> _Task to complete_
Look below for the line with "Пряди на голове" and the line with "Am 09.07.2009 fährt". Copy exactly those two lines and every line between, but not the pictures.
Entries provided below:
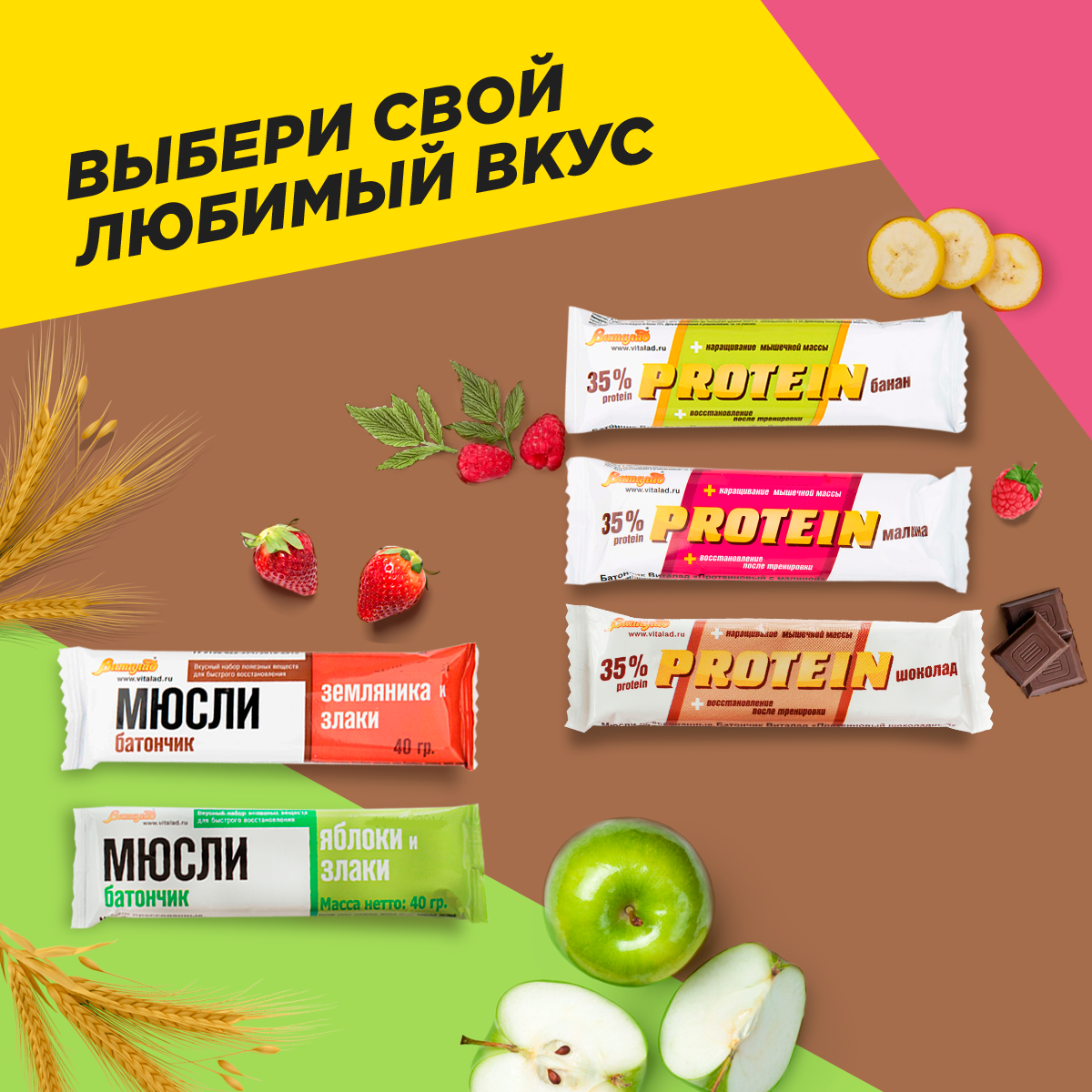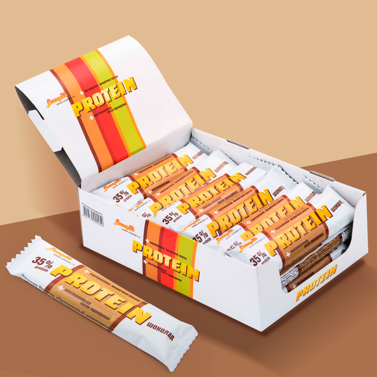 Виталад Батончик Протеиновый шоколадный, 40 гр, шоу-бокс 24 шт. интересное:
End of Entries provided.
Entries provided below:
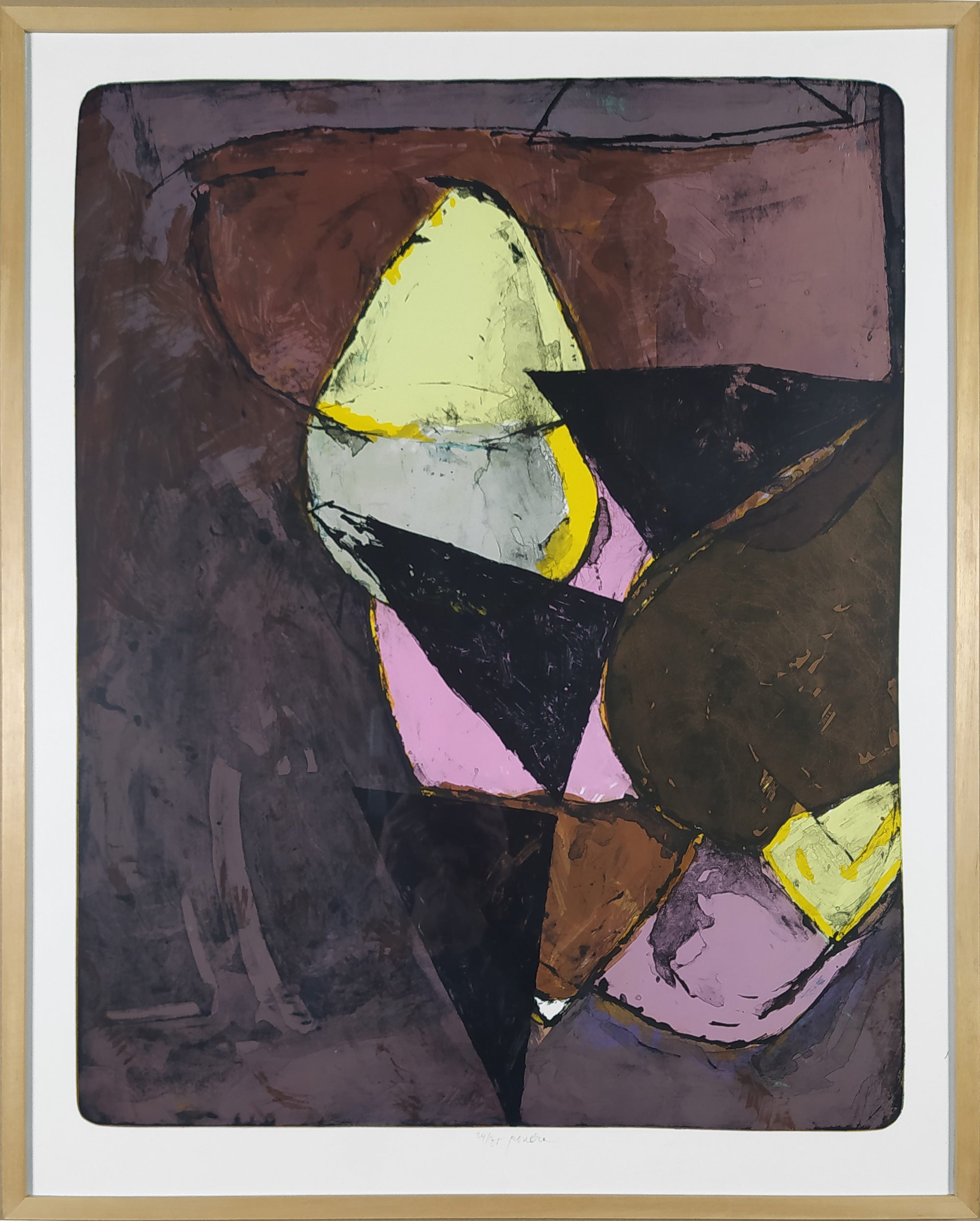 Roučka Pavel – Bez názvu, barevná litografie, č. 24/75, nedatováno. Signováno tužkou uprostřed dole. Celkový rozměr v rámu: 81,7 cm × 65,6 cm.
End of Entries provided.
Entries provided below:
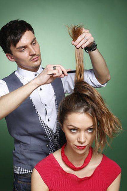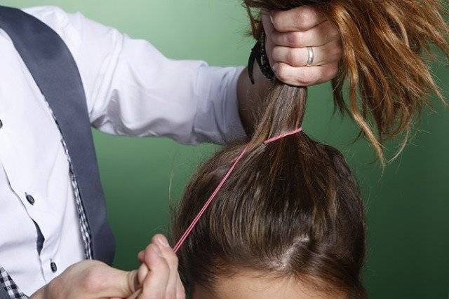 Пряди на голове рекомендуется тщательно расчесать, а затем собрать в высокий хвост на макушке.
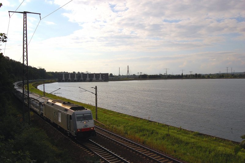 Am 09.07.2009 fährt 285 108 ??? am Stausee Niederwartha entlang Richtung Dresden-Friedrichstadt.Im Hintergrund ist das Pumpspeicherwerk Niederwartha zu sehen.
End of Entries provided.
> _Task solution_
 Пряди на голове рекомендуется тщательно расчесать, а затем собрать в высокий хвост на макушке.
 Am 09.07.2009 fährt 285 108 ??? am Stausee Niederwartha entlang Richtung Dresden-Friedrichstadt.Im Hintergrund ist das Pumpspeicherwerk Niederwartha zu sehen.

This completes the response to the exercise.